When doing whole-byte shifts, gcc usually optimizes away the shifts and ends up moving data between registers instead. However, it seems this doesn't happen when uint64_t is used. Here's an example (assembler output slightly trimmed of unrelated comments and annotations etc.): matthijs@grubby:~$ cat test.cpp #include <stdint.h> uint8_t foo64_8(uint64_t a) { return a >> 8; } uint16_t foo64_16(uint64_t a) { return a >> 8; } uint8_t foo32_8(uint32_t a) { return a >> 8; } uint16_t foo32_16(uint32_t a) { return (a >> 8); } matthijs@grubby:~$ avr-gcc -Os test.cpp -S -o - _Z7foo64_8y: push r16 ldi r16,lo8(8) rcall __lshrdi3 mov r24,r18 pop r16 ret _Z8foo64_16y: push r16 ldi r16,lo8(8) rcall __lshrdi3 mov r24,r18 mov r25,r19 pop r16 ret _Z7foo32_8m: mov r24,r23 ret _Z8foo32_16m: clr r27 mov r26,r25 mov r25,r24 mov r24,r23 ret .ident "GCC: (GNU) 4.9.2 20141224 (prerelease)" The output is identical for 4.8.1 on Debian, and the above 4.9.2 on Arch. I haven't found a readily available 5.x package yet to test. As you can see, the versions operating on 64 bit values preserve the 8-bit shift (which is very inefficient on AVR), while the versions running on 32 bit values simply copy the right registers. The foo32_16 function still has some useless instructions (r27 and r26 are not part of the return value, not sure why these are set) but that is probably an unrelated problem. I've marked this with component "target", since I think these optimizations are avr-specific (or at least not applicable to bigger architectures).
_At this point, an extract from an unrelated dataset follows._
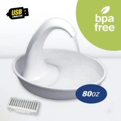 Pioneer Pet Swan Cat Drinking Fountain, White—Keep your kitty hydrated with the stylish Swan Cat Drinking Fountain from Pioneer Pet. It allows for your furry friend to sip on the flowing water and it falls from the slender neck and into the basin. The charcoal filter ensures clean water and it holds up to 80 ounces of water. Made from premium plastic, this fountain is dishwasher safe and easy to clean. It also offers a USB connection as well as a standard wall plug to run. Whether you have one or multiple paw-tners, the Pioneer Pet Swan Cat Drinking Fountain will entice your little ones to drink more water.

(In reply to Matthijs Kooijman from comment #0) > I haven't found a readily available 5.x package yet to test. It's the same. > As you can see, the versions operating on 64 bit values preserve the > 8-bit shift (which is very inefficient on AVR), while the versions > running on 32 bit values simply copy the right registers. Lib functions are used because users complained about bloated 64-bit arithmetic. Notice that indide these 64-bit shift functions byte-shifts are used. > The foo32_16 function still has some useless instructions (r27 and r26 > are not part of the return value, not sure why these are set) but that > is probably an unrelated problem. Yes. > I've marked this with component "target", since I think these > optimizations are avr-specific (or at least not applicable to bigger > architectures).
So, IIUC, this is quite hard to fix? Either you use lib functions, which prevents the optimizer from just relabeling or coyping registers to apply shifting, or you don't and then more complex operations will become very verbose and messy? Would it make sense (and be possible) to add a special case to not use lib functions for shifts by a constant number of bits that is also a multiple of 8? At first glance, that would make a lot of common cases (where an integer is decomposed into separate bytes or other parts) a lot faster, while still keeping the lib functions for more complex operations?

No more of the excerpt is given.